> _EXERCISE REQUIREMENTS_:
Using the listing below, please print exactly the lines from the one with "I follow a track" through the one with "Kimi görev yerinde, kimi". Leave out every picture.

> _DATA SUPPLIED_:

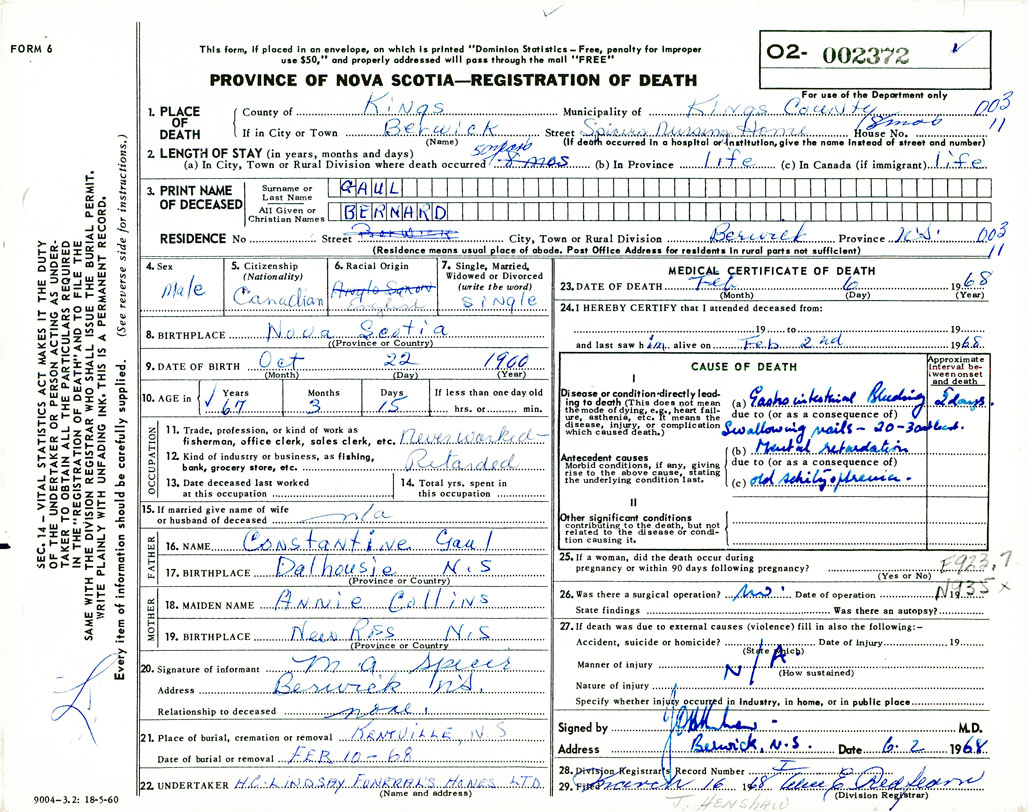 Death Registration: Year: 1968 number: 2372
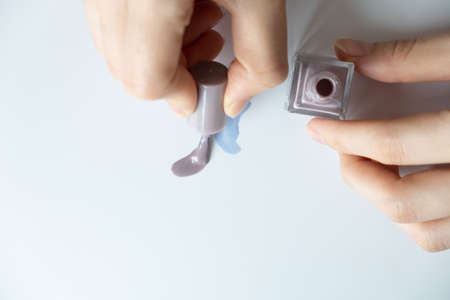 Woman with brown autumn nails polish color holding a little bottle on white background. Manicure and beauty concept
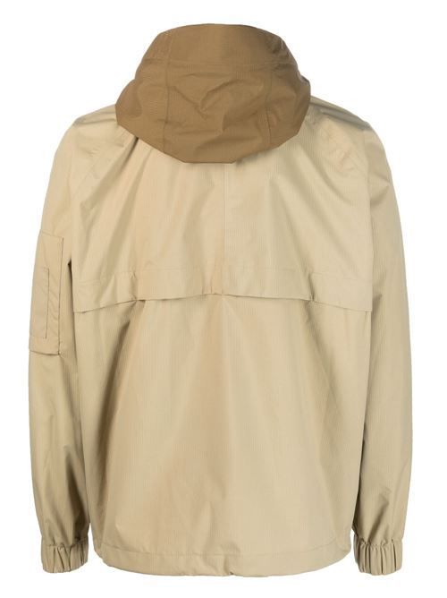 トープ、トープブラウン、ツートーンデザイン、撥水加工、防風、ストームフラップ、ドローストリングフード、フロント2WAYファスナー、長袖、ゴム入り袖口、両サイドスリットポケット、袖ファスナーポケットが特徴です。このユニセックスアイテムをお買い求めの際は、標準的なメンズサイズであることをご留意ください。
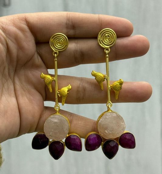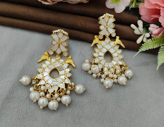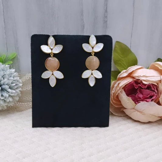 delicate shell pearl and mop stone gold plated handmade earing for woman
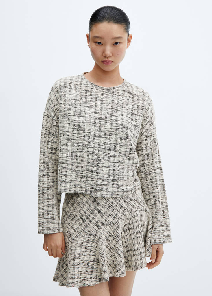Cotton blend fabric. Tweed fabric. Short design. Asymmetric design. Speckled print. Elastic waistband. No closure. Frill on the bottom. Total look
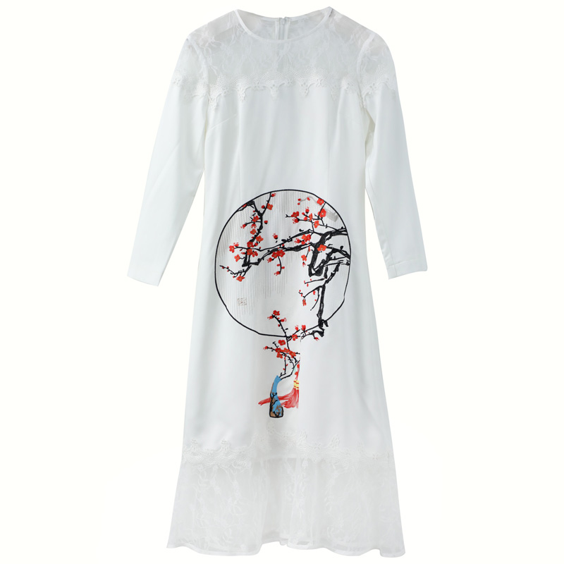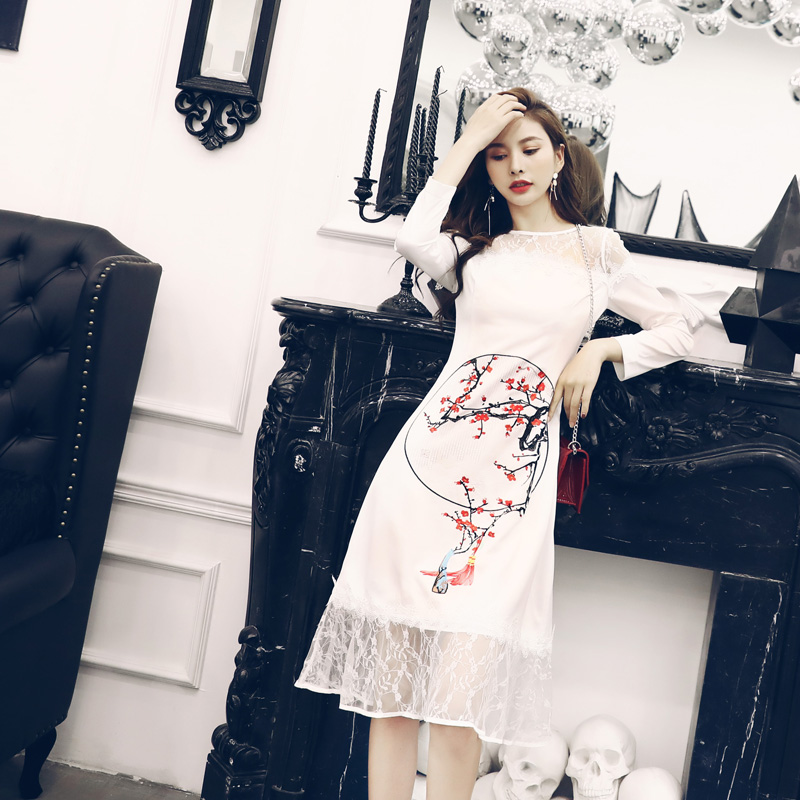 / 2018秋季新款氣質名媛蕾絲拼接長袖重工繡花刺繡中長款連衣裙女潮
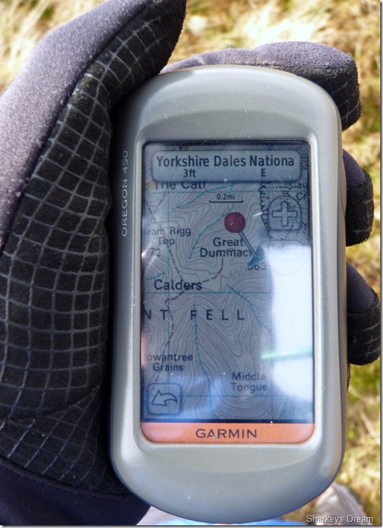 I follow a track carefully from the summit cairn at Calders seen in the photograph, for some reason I keep to the right when if you look carefully you can see the path splitting left & right, I’ as always stick to the more obvious path which I found to be the right, yet this path out-flanks the summit if not, by-passes the summit altogether. I have the GPS in hand as I follow my marker to within 3ft of the Ordnance Summit point, it is here I claim Great Dummacks summit while perched upon a clump of heather. |
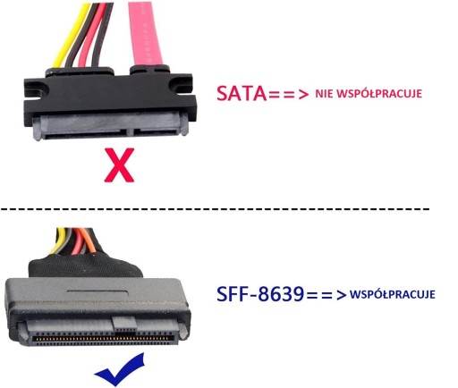 ✅Złącze SFF-8639 i SFF-8643 mimo podobieństwa do SATA 22Pin jest innym złączem. Adapter NIE pasuje do gniazda SATA 22 Pin!
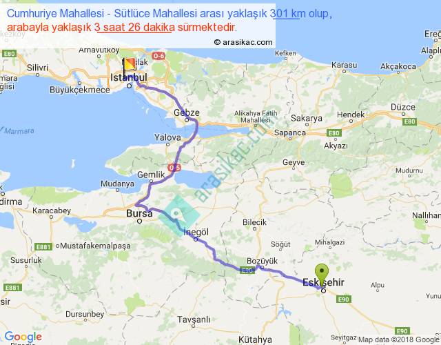 Cumhuriye Mahallesi - Sütlüce Mahallesi arası yaklaşık olarak 90 km/h ile yukarıda belirtilen sürede olup, iki yerin kuş uçuşu uzaklığı (mesafesi) 193'dir. Yolculuk otobüsle 4 saat 27 dakika sürmektedir.
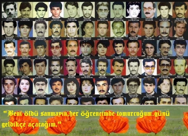 Kimi görev yerinde, kimi eşinin gözleri önünde, kimi çocuklarının önünde, kimi yolda, kimi araç içerisinde kimi evinden alınarak, kimi güvendiği kişilere kapıyı açtıkları için, kimi Ağrı’da, kimi Adana’da, Kimi İstanbul’da. Tam 150 eğitim şehidi. Bu vatan için toprağa düştüler. Evlatlarımızın geleceği uyruna, aydınlık Türkiye’nin ümidi çocukları yarınlara hazırlama uğruna; dağ demeden taş demeden, kar kış demeden, gittikleri görev yerlerinde, zengin demeden, fakir demeden, yaramaz demeden, uslu demeden velhasılı görevlerinin önünde hiçbir engel tanımadan kutasal görevlerini ifa ederken, hiç de umadıkları şekilde haince katledildiler.
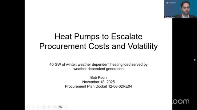 Bob Keane presented technical analysis warning that large-scale heat pump adoption could substantially increase New England’s winter peak and raise marginal generation costs. Keane described heat pumps as a low load factor, winter‑peaking addition whose marginal cost in some ISO studies rises much faster than load, citing an example where a 4.5% heat‑pump-driven load increase raised system costs by roughly 53% in a modeled year.
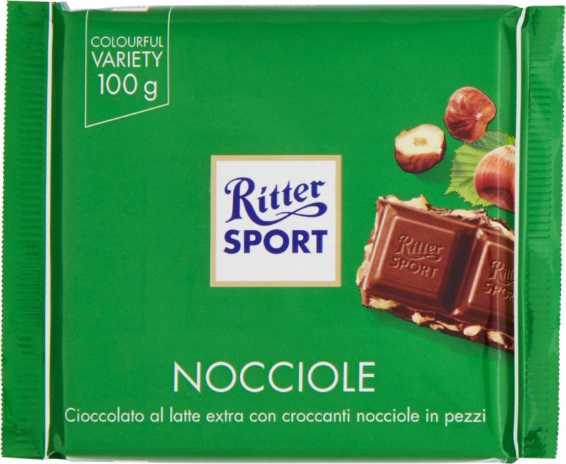 • ريتر سبورت شوكولاتة بالحليب مع قطع البندق 100 غم
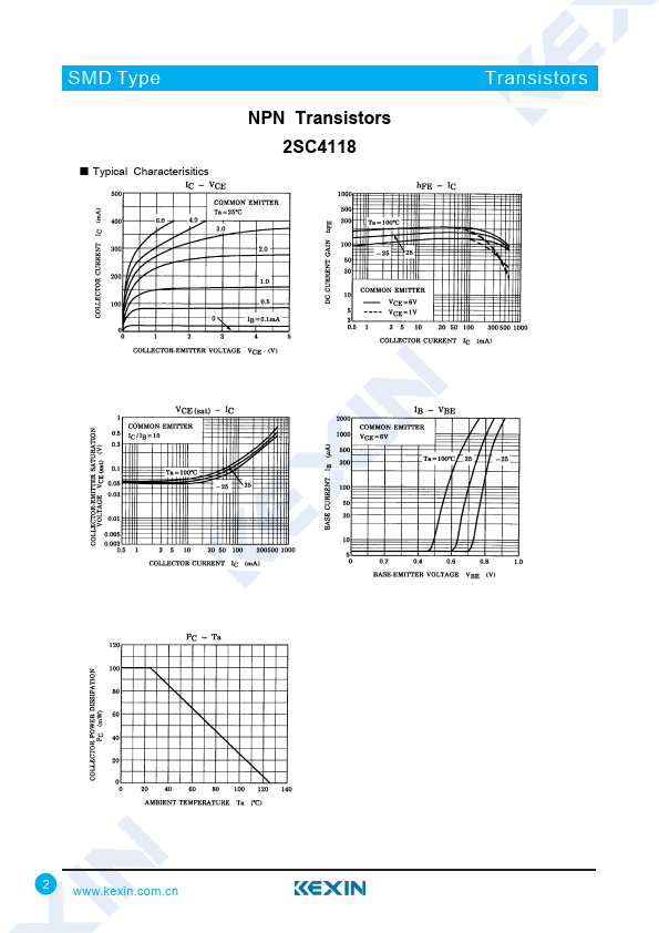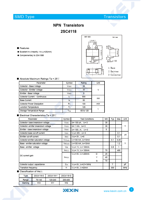 SMD Type NPN Transistors 2SC4118 Transistors ■ Features ● Excellent hFE linearity:: hFE(2)=25(min) ● Complementary to 2SA1588 ■ Absolute Maximum Ratings Ta = 25℃ Paramete...

> _WRITTEN REPLY_:
 I follow a track carefully from the summit cairn at Calders seen in the photograph, for some reason I keep to the right when if you look carefully you can see the path splitting left & right, I’ as always stick to the more obvious path which I found to be the right, yet this path out-flanks the summit if not, by-passes the summit altogether. I have the GPS in hand as I follow my marker to within 3ft of the Ordnance Summit point, it is here I claim Great Dummacks summit while perched upon a clump of heather. |
 ✅Złącze SFF-8639 i SFF-8643 mimo podobieństwa do SATA 22Pin jest innym złączem. Adapter NIE pasuje do gniazda SATA 22 Pin!
 Cumhuriye Mahallesi - Sütlüce Mahallesi arası yaklaşık olarak 90 km/h ile yukarıda belirtilen sürede olup, iki yerin kuş uçuşu uzaklığı (mesafesi) 193'dir. Yolculuk otobüsle 4 saat 27 dakika sürmektedir.
 Kimi görev yerinde, kimi eşinin gözleri önünde, kimi çocuklarının önünde, kimi yolda, kimi araç içerisinde kimi evinden alınarak, kimi güvendiği kişilere kapıyı açtıkları için, kimi Ağrı’da, kimi Adana’da, Kimi İstanbul’da. Tam 150 eğitim şehidi. Bu vatan için toprağa düştüler. Evlatlarımızın geleceği uyruna, aydınlık Türkiye’nin ümidi çocukları yarınlara hazırlama uğruna; dağ demeden taş demeden, kar kış demeden, gittikleri görev yerlerinde, zengin demeden, fakir demeden, yaramaz demeden, uslu demeden velhasılı görevlerinin önünde hiçbir engel tanımadan kutasal görevlerini ifa ederken, hiç de umadıkları şekilde haince katledildiler.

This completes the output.